The gunman, identified by police as Kosta Kekmanovic, gave no motive for his actions.

Entering his school, Kekmanovic first kills the guard and three students in the hallway. He then went into the history classroom where he shot the teacher before opening fire on the students.

Kecmanovich then unloaded the gun in the school yard and called the police himself, even though they had already received a warning from a school official. When he called, Kekmanevich told duty officers he was a “psychopath who needed to calm down,” police said.

Among the dead were seven girls, one boy and a school security guard. According to the French Ministry of Foreign Affairs, one of them is a French citizen.

Authorities say Kekmanovic is too young to be charged and tried. He is placed in a mental institution while his father is detained on suspicion of endangering public safety because his son holds a gun.

“I think we’re all guilty. I think we all have some responsibility, that we allowed some things (shouldn’t happen),” Belgrade resident Zoran Sefik said during a vigil near the school Wednesday evening.

Another Belgrade resident, Jovan Lajovic, said he wasn’t surprised: “It was a matter of days when something like this could happen, given what’s happening in the world and here,” he said.

Gun culture is widespread in Serbia and the Balkans: the region has the highest number of guns per capita in Europe. Guns are often fired in the air in celebration, and the warrior religion is part of the national identity.

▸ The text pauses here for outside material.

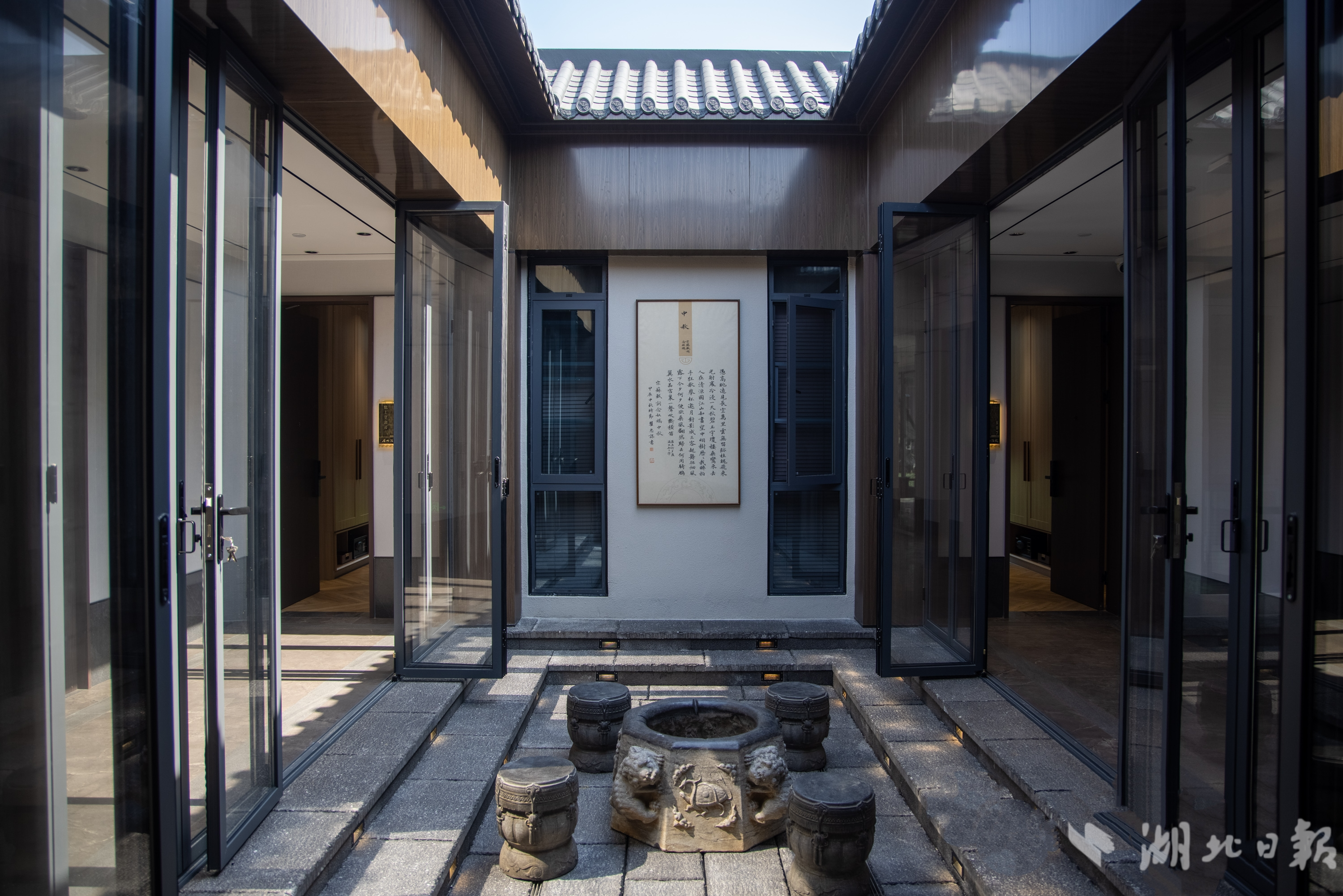 设法山居由武汉体育中心集团有限公司打造,总建筑面积2400m²,集文旅、研学、会议、住宿、餐饮、户外运动等功能于一体,在保留原建筑主体围合庭院式布局的基础上,融入三国文化元素,进行局部修缮改造而成。绿树掩映间,建筑白墙黑瓦、飞檐翘角、古朴厚重。中庭庭院内,草木葱茏、景致错落,古石桌椅等古朴雅致,诸葛亮铜像峨冠博带、高举羽扇、神态自若。
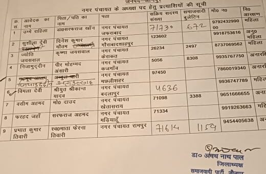 Politics जौनपुर सपा ने नगर पालिका परिषद के 3 व 9 नगर पंचायत प्रत्याशियों का सूची किया जारी 3 years ago C Bharat

Still, the last mass shooting was in 2013 when a war veteran killed 13 people in a central Serbian village.

Experts have repeatedly warned of the dangers posed by the number of weapons in a highly divided country like Serbia, where convicted war criminals are glorified and violence against minority groups often goes unpunished. They also noted that instability stemming from the conflicts of the 1990s as well as ongoing economic difficulties could trigger such explosions.

“We have had too much violence for too many days,” psychologist Jarko Trebjesanin told N1 television. “Children copy models. We need to eliminate negative models … and create a different value system.”